Reputation: 185
I want to create 2 variables per unique identifier (ID) from 1 column. I want to randomly select half of the values to be one variable and the remaining half to be the other varialbe. Below is a sample dataframe:
Df1 <- data.frame(ID = c(1,1,1,1,1,1,2,2,2,2,2,2,3,3,3,3,3),
var = c(100, 200, 250, 400,425,250,80, 120, 210, 175,50,200,300, 90, 70, 500,400)

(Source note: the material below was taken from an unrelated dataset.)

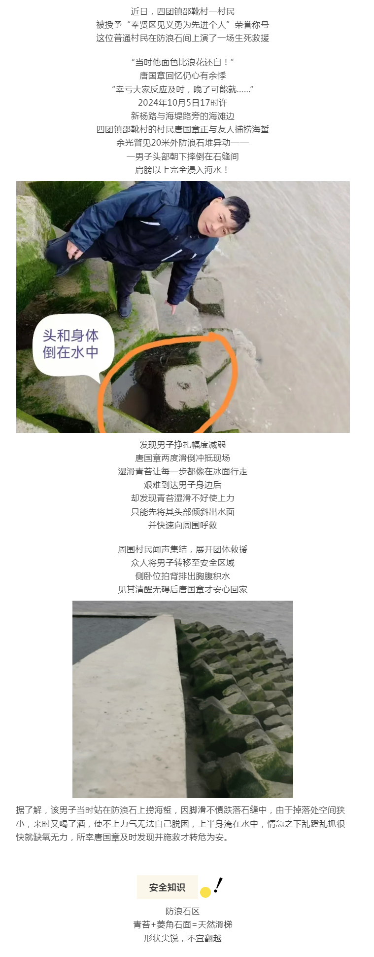 60岁男子深陷石缝命悬一线之际,四团镇一村民冲入险境……

Any help will be greatly appreciated.
Thanks
Upvotes: 1
Views: 910
Reputation: 193637
This seems like it should do what you are looking for:
set.seed(1) # So you can reproduce my result
## Create an indicator column that will take the values of 0 and 1
## Initialize it with 0
Df1$ind <- 0
## Use `by` and `sample` to get half of the rows for each ID
## Assign "1" to the "ind" column for those rows
Df1$ind[unlist(by(1:nrow(Df1), Df1$ID,
function(x) sample(x, ceiling(length(x)/2), FALSE)))] <- 1
## Create a "time" variable based on the "ID" and "ind" columns
Df1$time <- with(Df1, ave(ind, ID, ind, FUN = seq_along))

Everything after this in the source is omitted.